我們已經知道,應用自身運行在安卓VM中,而RenderScript部分代碼則運行在本地,且其內存是由上層的應用分配的。

4.1 內存分配API

內存API主要包含三個類:Element,Type與Allocation。他們三者對應的關系能用malloc函數的使用來很好的說明,例如:     

 int *array = (int *)malloc(sizeof(int) * 10);

malloc函數的參數可以分成兩個部分:第一個就是sizeof(int),該過程指定每個內存單元需要多個內存;第二個就是*10,該過程指定需要分配多個這樣的內存單元。對應的內存分配APIs就是Element類,表示的是一個內存單元,就像一個float或者一個struct所表示的內存。而Type表示的就是“*10”部分,就像一個Element序列一樣。Allocation則用來執行由Type所描述的內存分配,且最終代表分配得到的內存。
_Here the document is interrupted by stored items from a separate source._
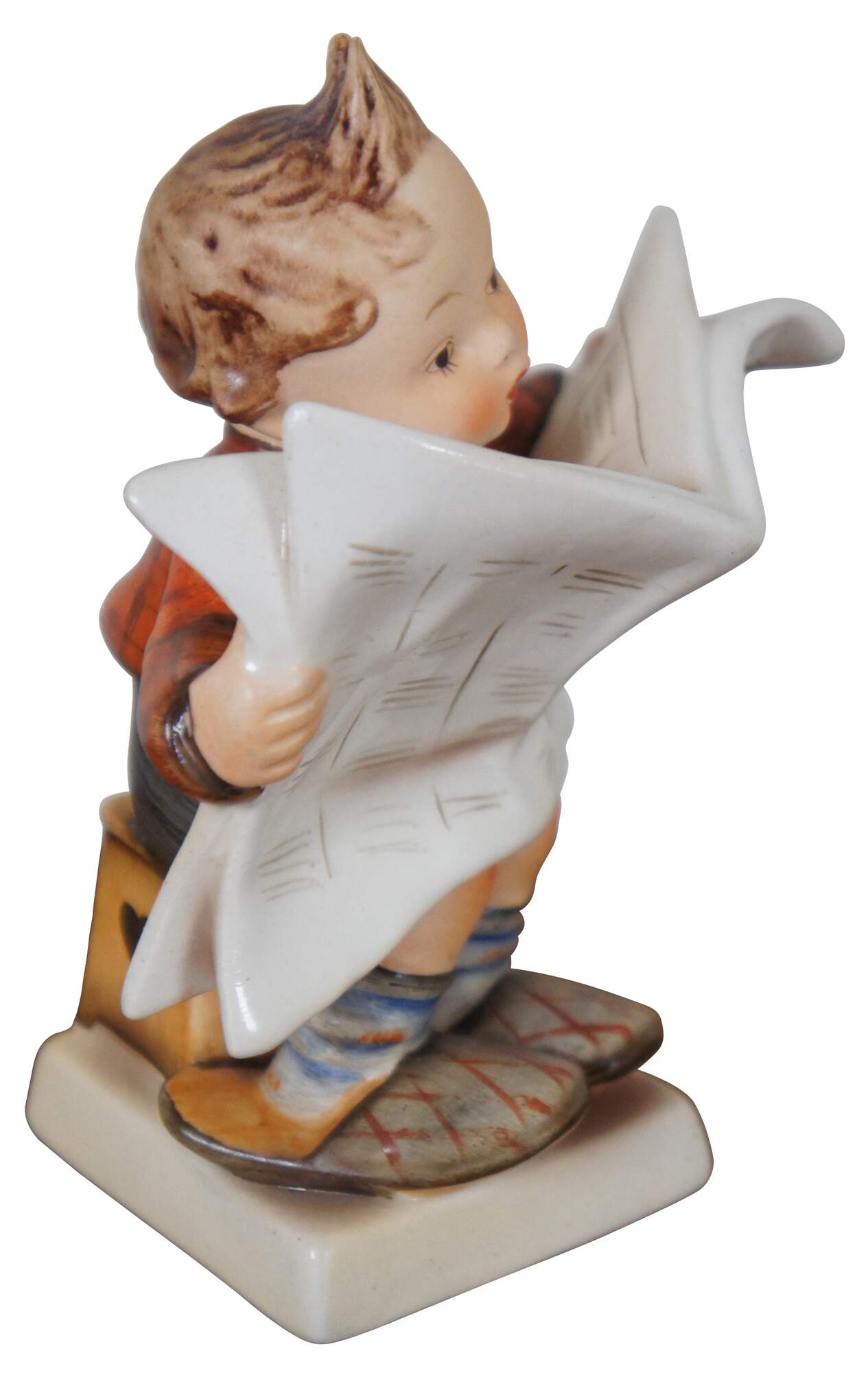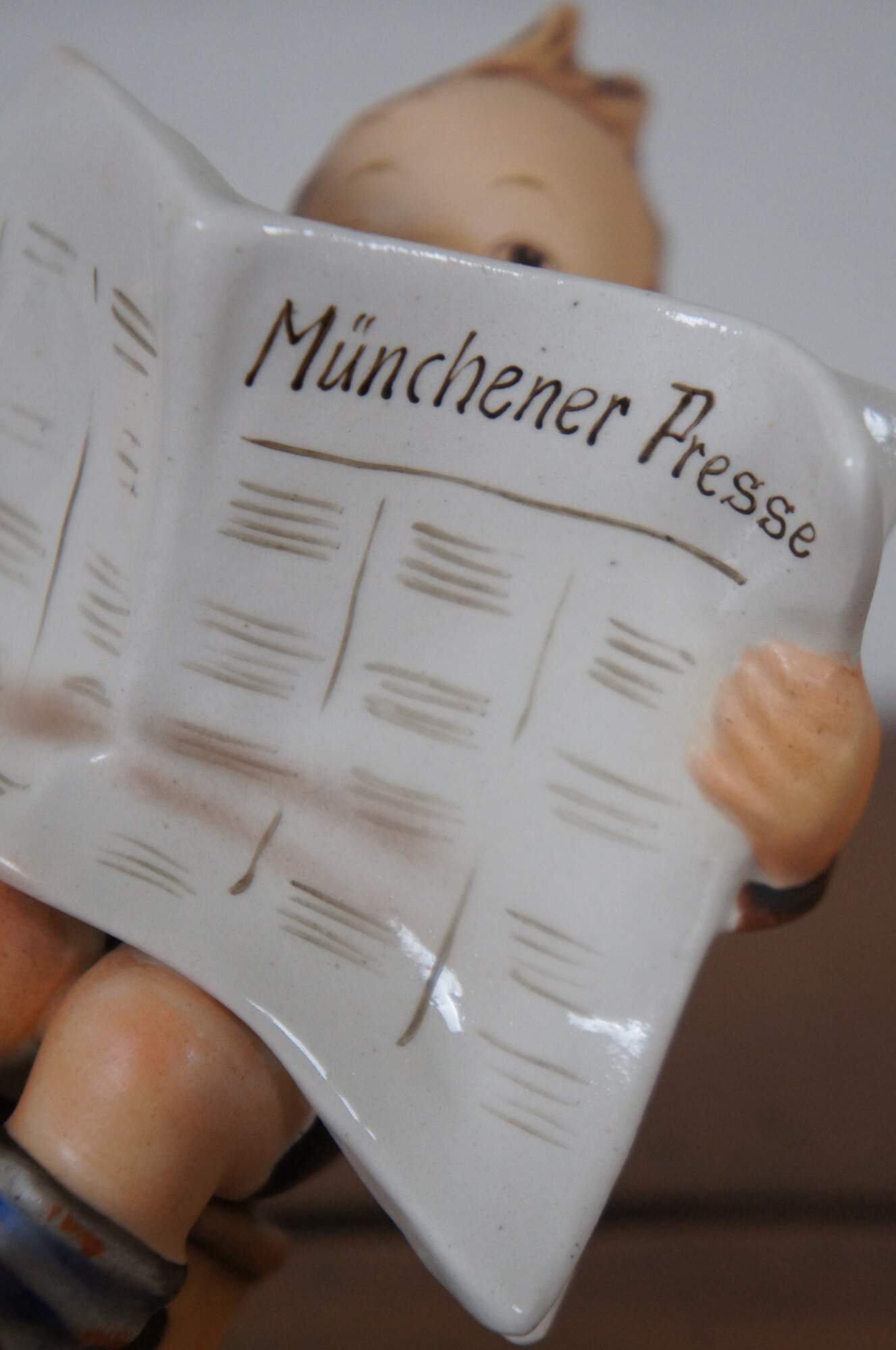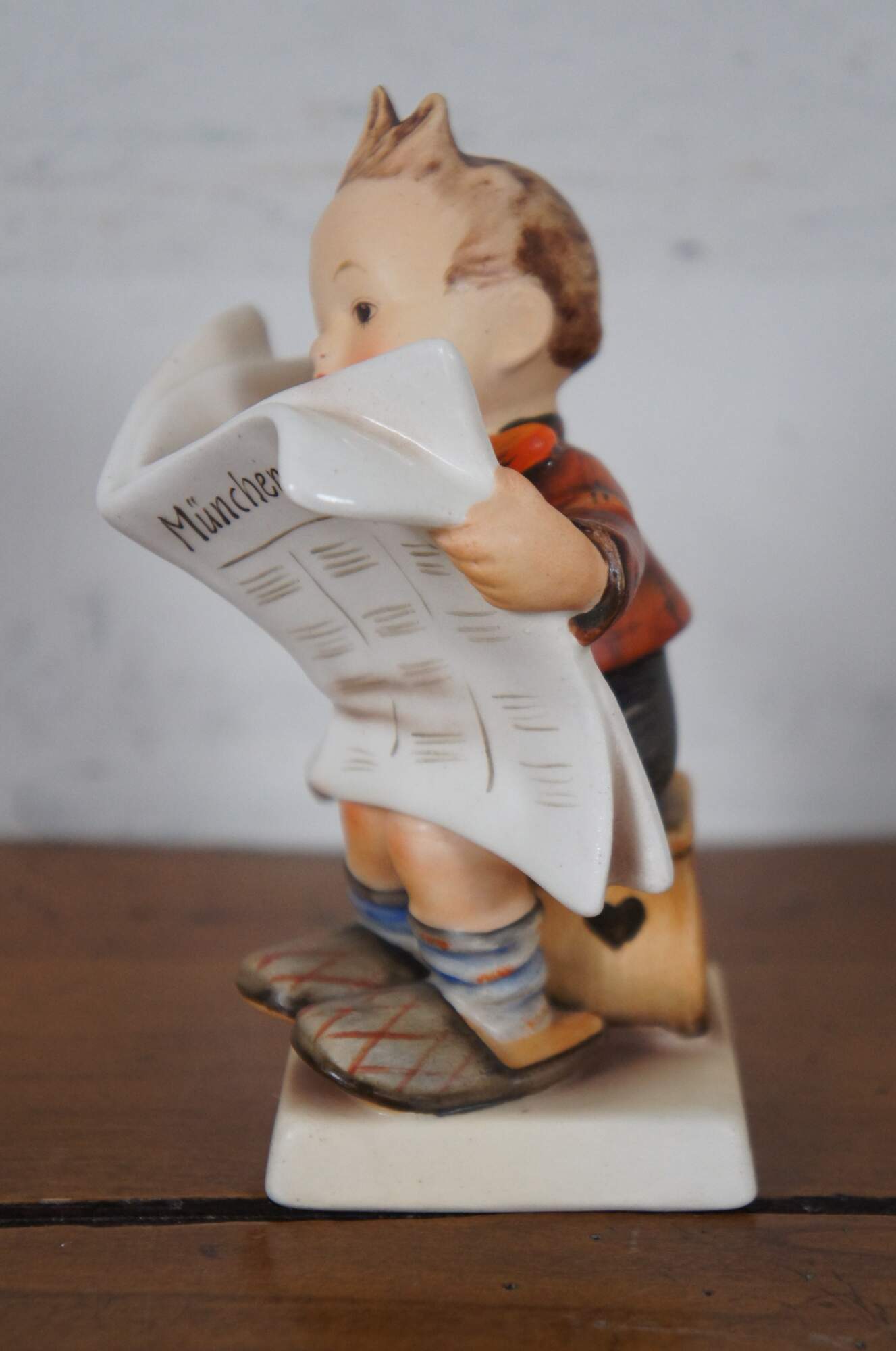 Goebel M.I. Hummel porcelain figurine number 184 titled Latest News Munchener Presse; made in Germany with the stamped TMK2 Full Bee mark (1950-1955).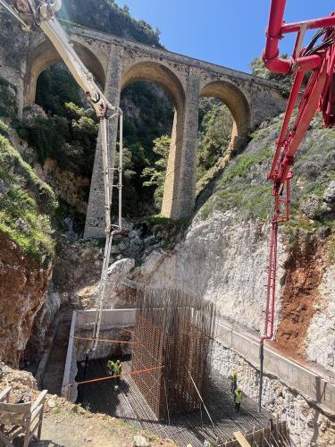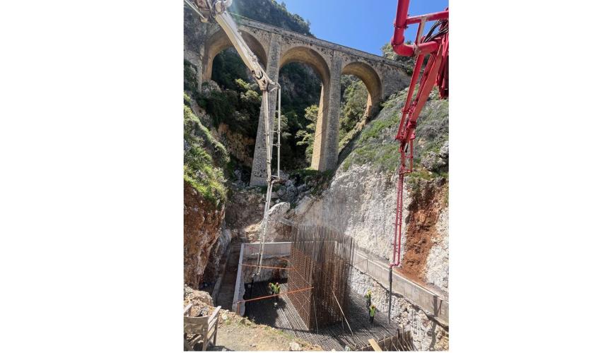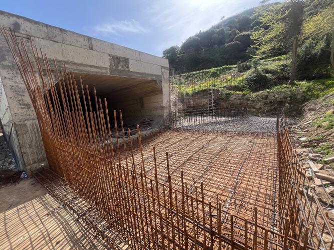εργασίες εκσκαφών, κατασκευής πασσαλότοιχων, τοίχων αντιστήριξης και αντιστήριξης πρανών στο τμήμα Α, καθώς και εκσκαφών, κατασκευής τεχνικών, κατασκευής μεσόβαθρου, ακρόβαθρου και τοίχων αντιστήριξης της νέας γέφυρας Σίμα στο τμήμα Γ.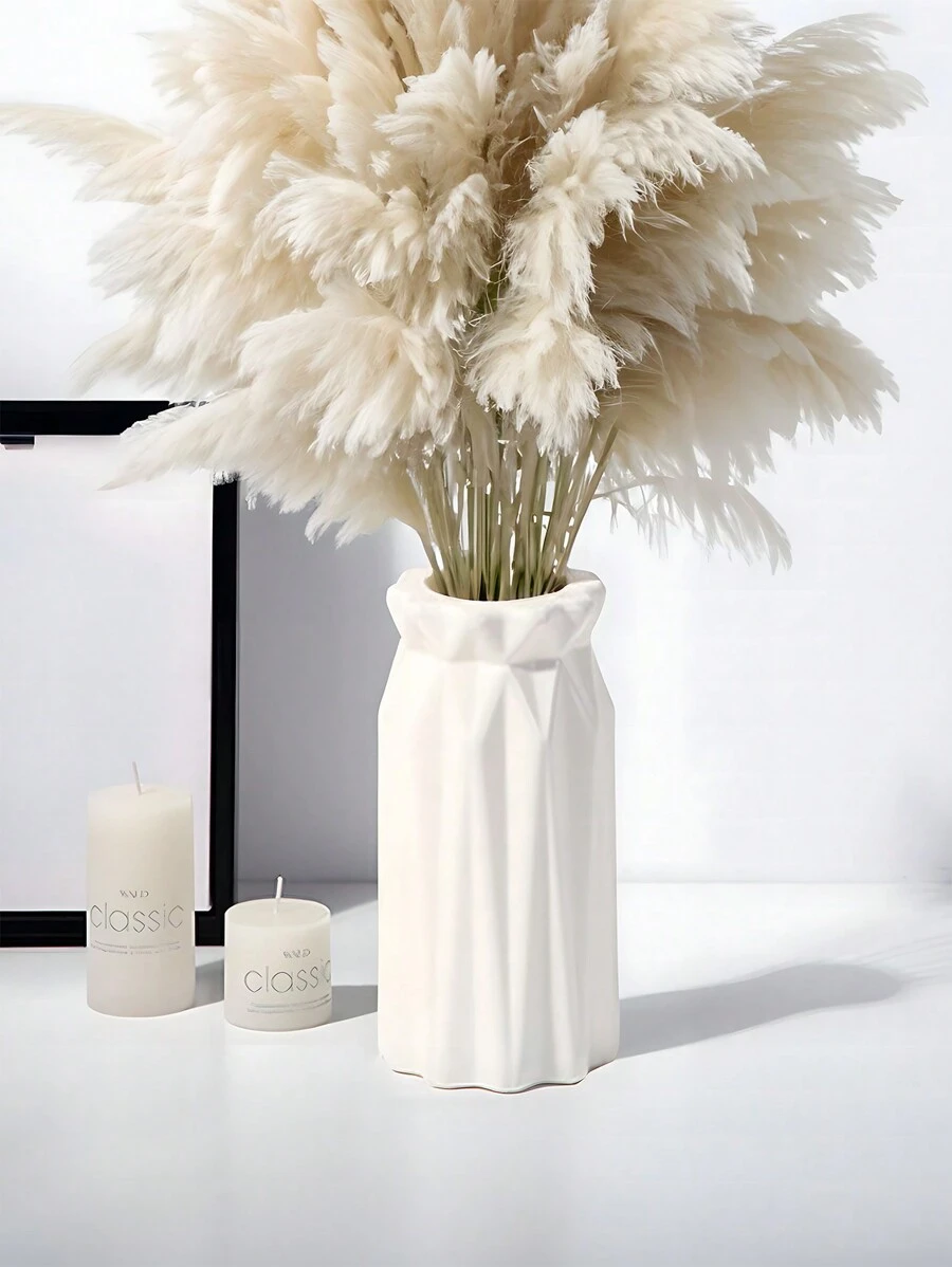 1 pieza Jarrón cilíndrico moderno y minimalista de plástico con apariencia de cerámica, con hierba pampa alta, jarrón blanco ondulado con textura, decoración floral artificial, centro de mesa para el hogar, boda, oficina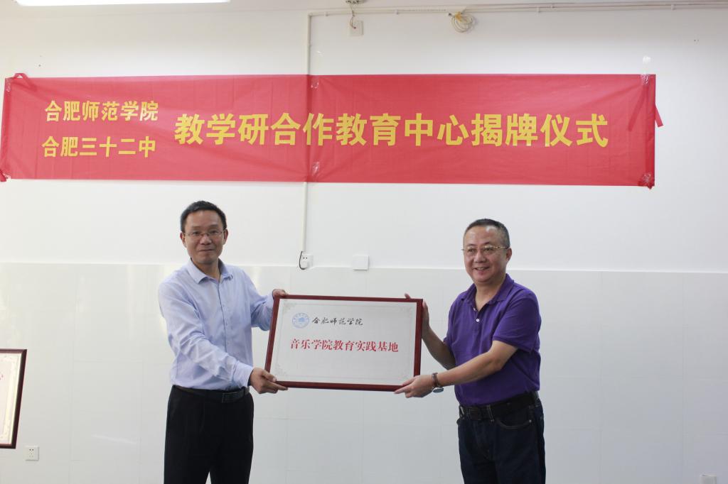 仪式最后,副院长姚本先同徐生彬书记,为beat365唯一官方网站、合肥市第三十二中学教学研合作教育中心揭牌。音乐学院罗可曼院长将beat365唯一官方网站音乐学院教育实践基地的铭牌交予到三十二中王强校长手中,音乐学院在三十二中的教育实践基地正式设立。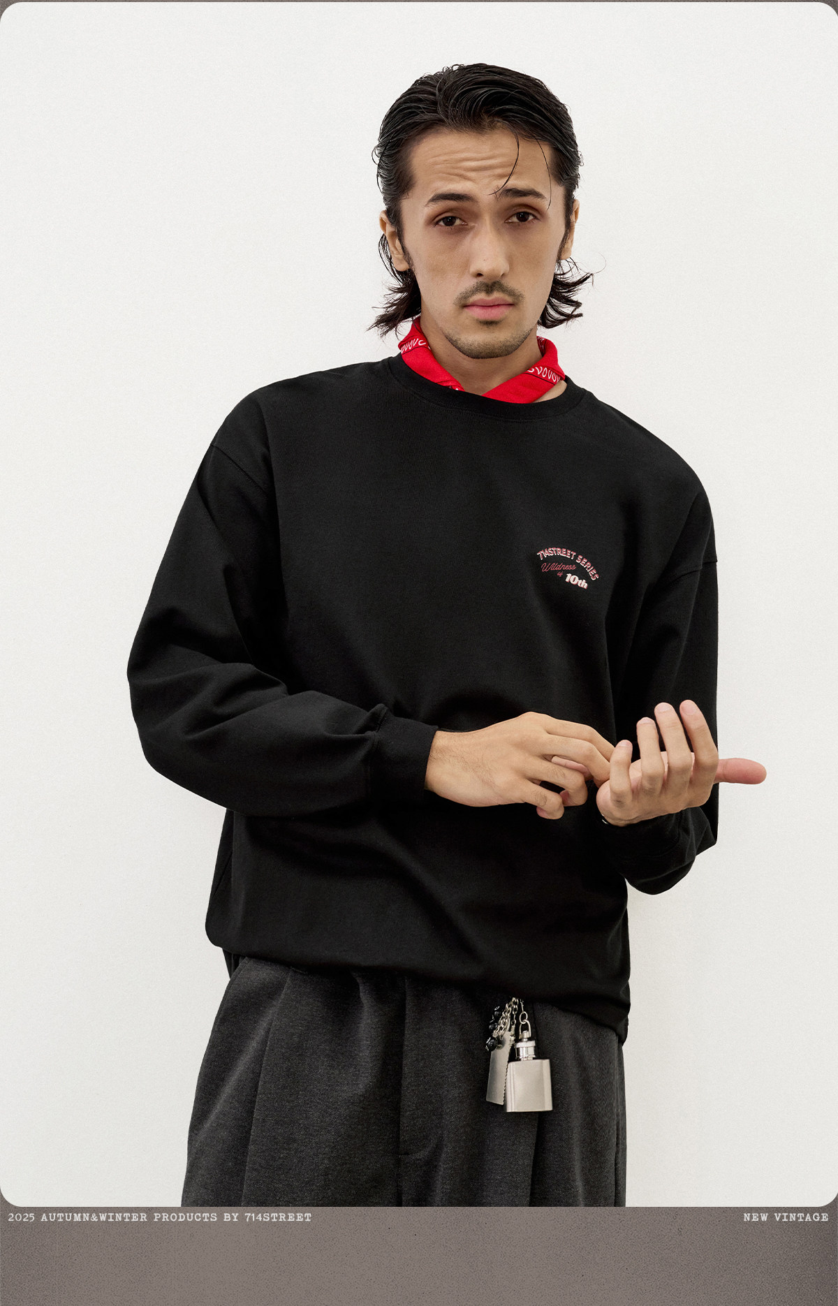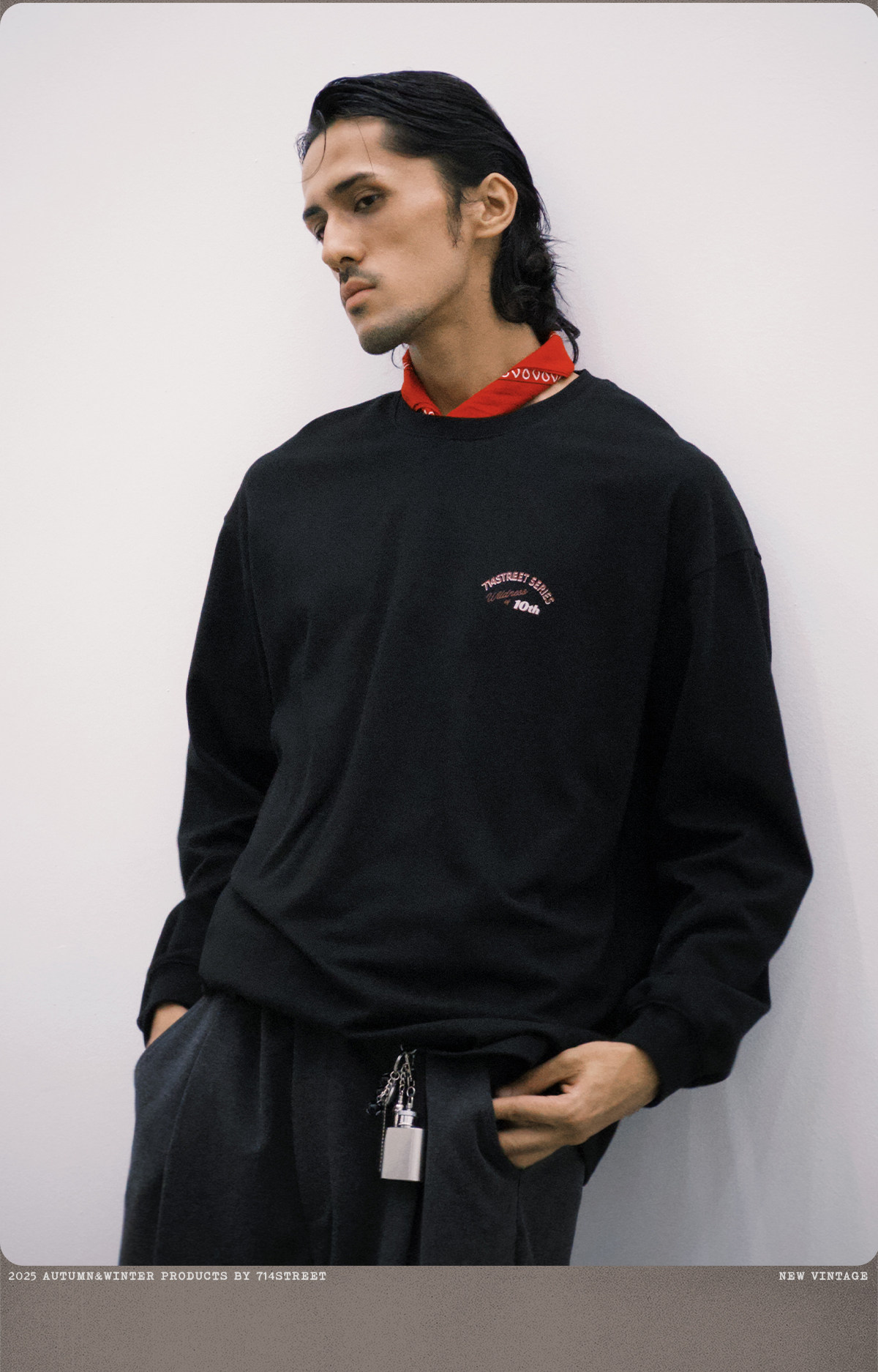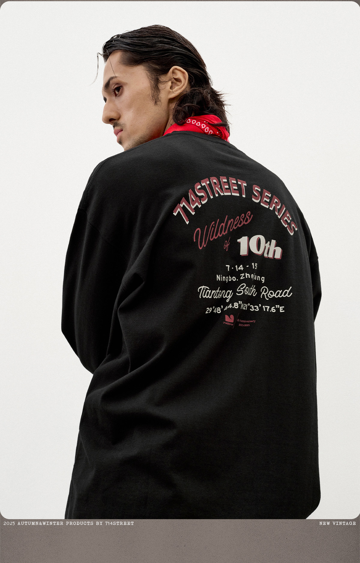 714street十周年印花长袖上衣2025秋季潮牌情侣美式复古纯棉T恤男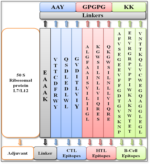 This research project applied Computational algorithms to predict three types of epitopes including linear B-cell along with HTL and CTL. The selection of CTL and HTL epitopes began because they connect with sufficient HLA alleles for future examination. The selected CTL epitope together with HTL epitope and linear B cell epitope demonstrates both effective antigenicity and determination while also showing non-toxicity and non-allergenicity to vaccine candidates. Several immunoinformatics methods performed the analysis to evaluate the epitopes [81]. Several linkers were used to combine epitopes with different pattern types in the essential components of the vaccine. The physicochemical abilities including stability analysis show that AAY, GPGPG and KK links work effectively to combine B-cell linear epitopes CTL and HTL with each other. The vaccine researchers chose to add the 50S ribosomal proteins L7/L12 adjuvant as well as an adjuvant and 3 CTL epitopes, three in HTL epitopes, all 3 B-cell epitopes, one linker EAAAK, two linkers AAY, three linkers GPGPG, and three KK linkers to the original vaccine's 294 amino acids from the beginning of the amino terminus. The rigid EAAAK linker establishes helix structure elements that boost immunogenic properties as noted by [81, 82]. Several elastic and flexible amino acids integrate within the linkers GPGPG, AAY, and KK resulting in avoidance of area separation [82, 83].

大部分情況下都不需要直接使用這些API,因為系統在自動生成反射層的時候已經做好了封裝,需要做的就是調用對應類的構造函數並把分配的內存綁定到RenderScript而已。但是比如當你加載一張圖片到RenderScript層或者給一個指針分配內存時,就需要應用到這些API。

4.2 靜態內存

4.2.1 靜態內存的分配

這裡的靜態內存指的是在RenderScript中聲明的非靜態的全局變量(靜態的或者局部的變量就無法在Android framework層訪問,也就不討論),他們在編譯時就分配了內存,在RenderScript代碼中可以直接使用它們而不需要在Android Framework層給他們分配內存。在Android Framework層也可以通過反射層生成的函數來訪問他們。如果這些變量在RenderScript中被初始化,那麼他們也將在Android Framework層中被進行同樣的初始化。

注意:如果在RenderScript中使用到了RenderScript中預定義了的一些含有指針的結構體,比如rs_program_fragment和rs_allocation,那麼就需要先在Android Framework層構造一個該結構對應類的實例,然後調用set方法把內存綁定到RenderScript運行時,而不能直接在RenderScript層操作。但是這個對於用戶自定義的包含指針的結果無效,因為根本就無法自定義包含指針的結構。

4.2.2 靜態內存的讀寫

在RenderScript層對靜態分配的內存的寫操作是單向的。當你在RenderScript層修改了某個變量的值,出於性能方面的考慮,這個變化不會反應給安卓層。在安卓層調用get方法獲得的是安卓層最後一次通過set方法設置的值,除非通過rsSendToClient()等手段,否則安卓層是永遠獲取不到RenderScript對靜態分配的內存的修改的。但是,當安卓層修改了某個變量的值後,該值的變化隨後就會自動同步到RenderScript層。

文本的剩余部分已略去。